My husband has helpfully pointed out, "Annie and I broke up at least six times in the first week...or maybe it was the first month," just to encourage our cousin that romantic relationships, even good ones, can start out volatile and unpredictable.  I believe she found it helpful to know that her staid, married relatives, with 45 years of marriage behind them, had such uncertain and erratic beginnings.

Earlier in the year I had a Facebook conversation with my cousin about how one falls in love: that it isn't really something one chooses, rather love chooses us.  We THINK we are making the choice, but everything I've experienced and seen over the years convinces me otherwise.

My favorite anchoress, Julian of Norwich from the 14th-century, often spoke of Jesus as "our mother," and as "..our clothing, who, for love, wraps us up..."  She knew that God's love was like a cloak, that we are clothed in divine love.  That's been my experience too.

I certainly did not choose to become a Christian or even to believe in God.  I used to think Christians were seriously deluded, perhaps even hallucinatory, and I wanted not much to do with them, although I accepted the fact that perhaps ONE young woman I knew--a devout Christian--was okay, mostly because she tolerated my bawdy sense of humor and love of sherry.

But after hearing an astonishing performance of Bach's 'St. John's Passion' in Oxford, God came blasting into my life--unchosen, just appearing--in a way that could not be denied. I was hooked, wrapped in love, converted, transformed, and now inhabiting that camp I never thought to live in--Christianity.

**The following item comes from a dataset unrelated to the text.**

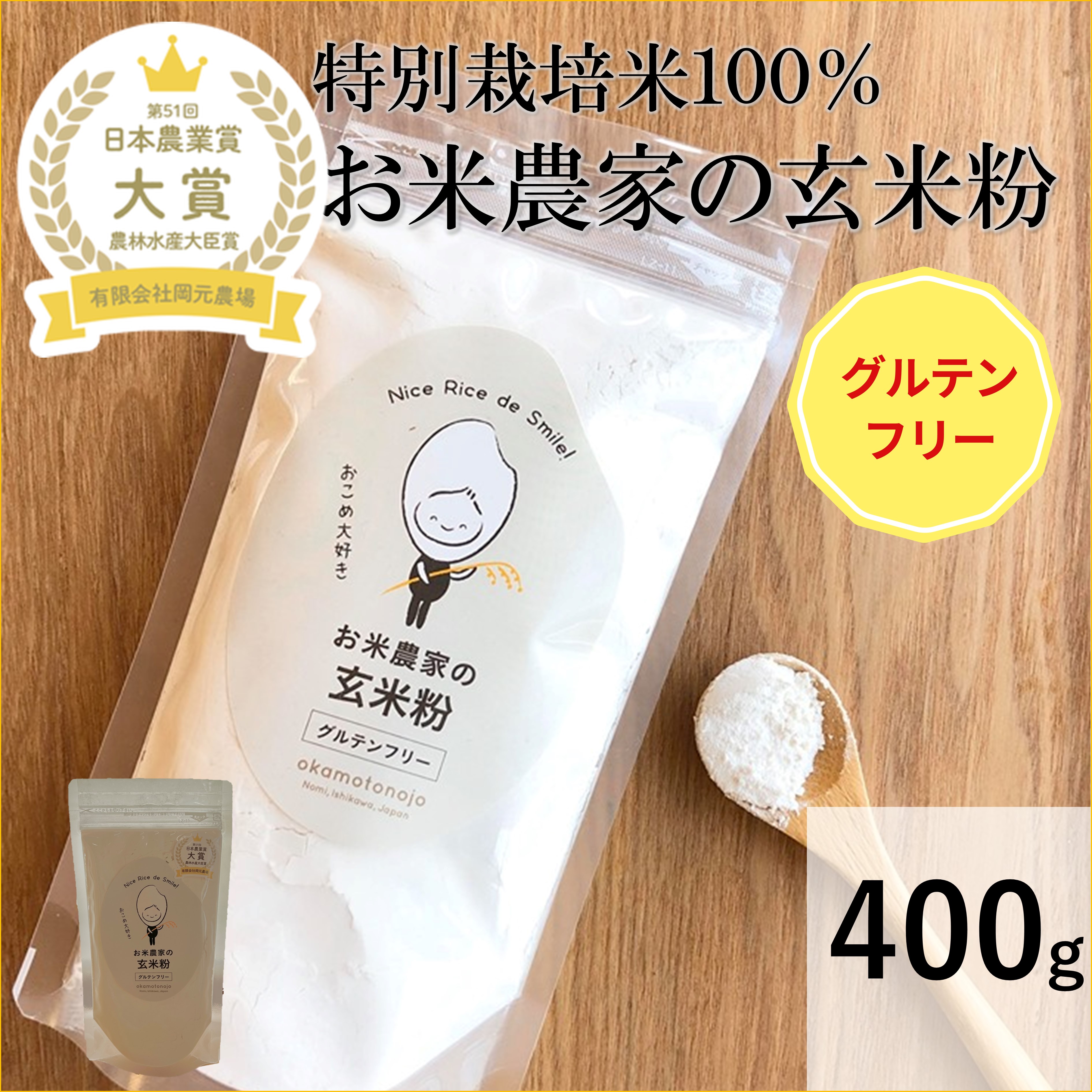 お米農家 米粉 玄米粉 400g レシピ付き 特別栽培米 100%有機肥料 送料込み

I think it is the nature of love, both human and divine, to sometimes come up from behind when we aren't looking, to enfold us and invite us into a reality we had not expected, much less chosen.
Do you remember the first time you saw your son or daughter?  At birth, when she was all wet and bedraggled, or if adopted, when he was handed over to you, did you choose to love him or her?  Didn't you just fall in love with a suddenness that felt like tumbling downstairs?

I expect to continue these conversations with my young cousin about the nature of romantic love--how sometimes it almost feels like an addiction, as if we are losing a part of ourselves if we don't see our beloved immediately.  That's how I feel when I don't spend enough time in prayer.  But I also hope at some point, in the kindest possible way that would never hint of persuasion or pedagogy, to point out that falling in love with Jesus is a bit like falling in love with a romantic partner.  We tumble into love with Jesus our mother just as we do with our partners, our children, and our friends.  It's just more, that's all.  Way more.  Infinitely more.